Встревоженное побледневшее лицо Яниэра было первым, что увидел его светлость мессир Элирий Лестер Лар по возвращении из несбывшейся реальности в привычный живой мир. Хотя… называть его привычным тоже не совсем уместно: слишком уж сильно нынешний мир отличается от того, в котором Совершенный жил — и умер — прежде.

Против ожиданий в комнате Яниэр оказался не один. Рядом стояла и размахивала руками явно взволнованная, не перестающая без умолку тараторить Агния, с которой Первый ученик сердито перебрасывался отрывистыми резкими фразами, а чуть поодаль молчаливо стоял Аверий, выжидательно поглядывая то на одного, то на другого.

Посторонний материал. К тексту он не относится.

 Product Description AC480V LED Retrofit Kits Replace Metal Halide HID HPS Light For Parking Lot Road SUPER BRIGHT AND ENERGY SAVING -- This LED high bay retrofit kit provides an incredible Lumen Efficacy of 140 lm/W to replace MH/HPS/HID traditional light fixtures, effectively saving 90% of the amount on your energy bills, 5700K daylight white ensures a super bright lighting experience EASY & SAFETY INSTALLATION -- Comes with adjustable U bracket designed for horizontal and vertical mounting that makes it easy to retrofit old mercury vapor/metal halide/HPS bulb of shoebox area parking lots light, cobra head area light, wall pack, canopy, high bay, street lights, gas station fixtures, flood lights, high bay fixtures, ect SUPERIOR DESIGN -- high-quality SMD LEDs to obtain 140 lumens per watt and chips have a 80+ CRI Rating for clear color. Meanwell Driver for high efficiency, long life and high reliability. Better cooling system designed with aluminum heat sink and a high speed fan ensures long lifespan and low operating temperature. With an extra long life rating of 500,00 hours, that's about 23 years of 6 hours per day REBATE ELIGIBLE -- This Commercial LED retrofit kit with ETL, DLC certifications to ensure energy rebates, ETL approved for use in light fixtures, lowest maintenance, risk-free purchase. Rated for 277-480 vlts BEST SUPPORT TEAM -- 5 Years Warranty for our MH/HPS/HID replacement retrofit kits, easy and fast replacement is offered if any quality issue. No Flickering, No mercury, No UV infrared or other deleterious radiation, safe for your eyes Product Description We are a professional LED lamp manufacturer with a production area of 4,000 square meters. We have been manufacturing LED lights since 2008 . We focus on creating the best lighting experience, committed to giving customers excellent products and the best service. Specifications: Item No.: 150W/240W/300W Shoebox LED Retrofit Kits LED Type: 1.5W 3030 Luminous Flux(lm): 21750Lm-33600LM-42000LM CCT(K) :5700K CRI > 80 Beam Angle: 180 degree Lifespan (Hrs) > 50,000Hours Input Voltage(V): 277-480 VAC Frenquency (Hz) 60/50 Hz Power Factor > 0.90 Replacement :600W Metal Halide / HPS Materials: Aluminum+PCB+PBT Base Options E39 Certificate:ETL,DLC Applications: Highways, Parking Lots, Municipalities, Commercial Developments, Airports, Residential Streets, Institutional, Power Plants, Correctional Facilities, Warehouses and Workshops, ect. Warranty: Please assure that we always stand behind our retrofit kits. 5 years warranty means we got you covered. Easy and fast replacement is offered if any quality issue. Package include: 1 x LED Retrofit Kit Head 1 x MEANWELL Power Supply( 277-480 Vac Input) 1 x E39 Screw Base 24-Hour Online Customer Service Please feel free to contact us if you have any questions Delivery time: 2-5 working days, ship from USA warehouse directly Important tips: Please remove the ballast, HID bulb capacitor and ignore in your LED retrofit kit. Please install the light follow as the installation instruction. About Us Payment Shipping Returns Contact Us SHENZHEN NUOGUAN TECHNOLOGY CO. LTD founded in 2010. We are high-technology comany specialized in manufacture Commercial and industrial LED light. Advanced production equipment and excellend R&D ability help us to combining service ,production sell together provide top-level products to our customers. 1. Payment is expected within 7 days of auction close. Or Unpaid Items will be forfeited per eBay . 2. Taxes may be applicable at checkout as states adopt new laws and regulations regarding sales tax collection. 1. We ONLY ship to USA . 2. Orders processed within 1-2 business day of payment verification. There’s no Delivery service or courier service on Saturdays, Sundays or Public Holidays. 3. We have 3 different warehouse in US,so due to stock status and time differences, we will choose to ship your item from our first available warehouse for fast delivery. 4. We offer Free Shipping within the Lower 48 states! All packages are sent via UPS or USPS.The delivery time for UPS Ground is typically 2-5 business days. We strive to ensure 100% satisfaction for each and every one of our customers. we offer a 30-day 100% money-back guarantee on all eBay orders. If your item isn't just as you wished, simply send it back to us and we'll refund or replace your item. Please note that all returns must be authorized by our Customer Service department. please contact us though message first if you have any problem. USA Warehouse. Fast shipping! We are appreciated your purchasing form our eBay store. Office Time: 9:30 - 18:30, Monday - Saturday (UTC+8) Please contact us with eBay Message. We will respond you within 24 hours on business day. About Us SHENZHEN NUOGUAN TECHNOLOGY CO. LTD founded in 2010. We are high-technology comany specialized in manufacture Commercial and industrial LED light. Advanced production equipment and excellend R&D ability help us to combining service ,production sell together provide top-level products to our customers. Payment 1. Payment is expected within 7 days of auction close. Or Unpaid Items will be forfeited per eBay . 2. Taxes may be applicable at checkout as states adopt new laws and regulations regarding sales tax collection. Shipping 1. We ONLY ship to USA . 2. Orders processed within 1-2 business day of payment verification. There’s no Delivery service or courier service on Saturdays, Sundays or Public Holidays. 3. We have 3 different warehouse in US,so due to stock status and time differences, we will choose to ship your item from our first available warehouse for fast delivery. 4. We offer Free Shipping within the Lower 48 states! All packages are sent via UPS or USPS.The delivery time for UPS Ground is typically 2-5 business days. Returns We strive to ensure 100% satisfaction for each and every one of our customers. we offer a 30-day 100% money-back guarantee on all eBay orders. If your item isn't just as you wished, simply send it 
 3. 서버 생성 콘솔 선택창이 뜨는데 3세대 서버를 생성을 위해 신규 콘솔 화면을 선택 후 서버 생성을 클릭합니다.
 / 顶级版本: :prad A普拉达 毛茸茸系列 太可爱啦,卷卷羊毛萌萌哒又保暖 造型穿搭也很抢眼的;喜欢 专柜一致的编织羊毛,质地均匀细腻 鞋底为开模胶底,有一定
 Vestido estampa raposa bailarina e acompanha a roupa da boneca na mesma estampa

Их жаркий спор окончательно вернул его к реальности.

— Почему вы все здесь? — недовольно поинтересовался Элирий, шевельнувшись. — Что еще за собрание?

Увидев, что он пришел в себя, все трое с немалым облегчением переглянулись и немедленно прекратили недозволительную перебранку.

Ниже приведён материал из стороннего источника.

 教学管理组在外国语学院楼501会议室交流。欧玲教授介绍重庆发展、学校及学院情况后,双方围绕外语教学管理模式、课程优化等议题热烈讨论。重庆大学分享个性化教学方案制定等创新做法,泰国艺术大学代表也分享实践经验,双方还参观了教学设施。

— Хвала небожителям, мессир, вы здесь!.. — с чувством воскликнул Яниэр, бросившись к нему так резво, будто он мог куда-то убежать или вовсе исчезнуть.

Элирий с удивлением воззрился на ученика, не зная, что и думать. Нечасто доводилось увидеть столь яркое проявление эмоций от неизменно сдержанного северянина. Очевидно, ученик напуган и сильное беспокойство одержало верх над приличиями. Проклятье, да что здесь происходит?

— Что случилось в том несбывшемся мире, мессир? Вы плакали во сне.

От услышанного Красный Феникс был поражен еще больше. Он… что? Он плакал? Невозможно. Но Яниэр, кажется, говорил правду: очнувшись, Элирий не обратил внимание, но сейчас, несколько раз моргнув, будто бы почувствовал слезы в своих глазах.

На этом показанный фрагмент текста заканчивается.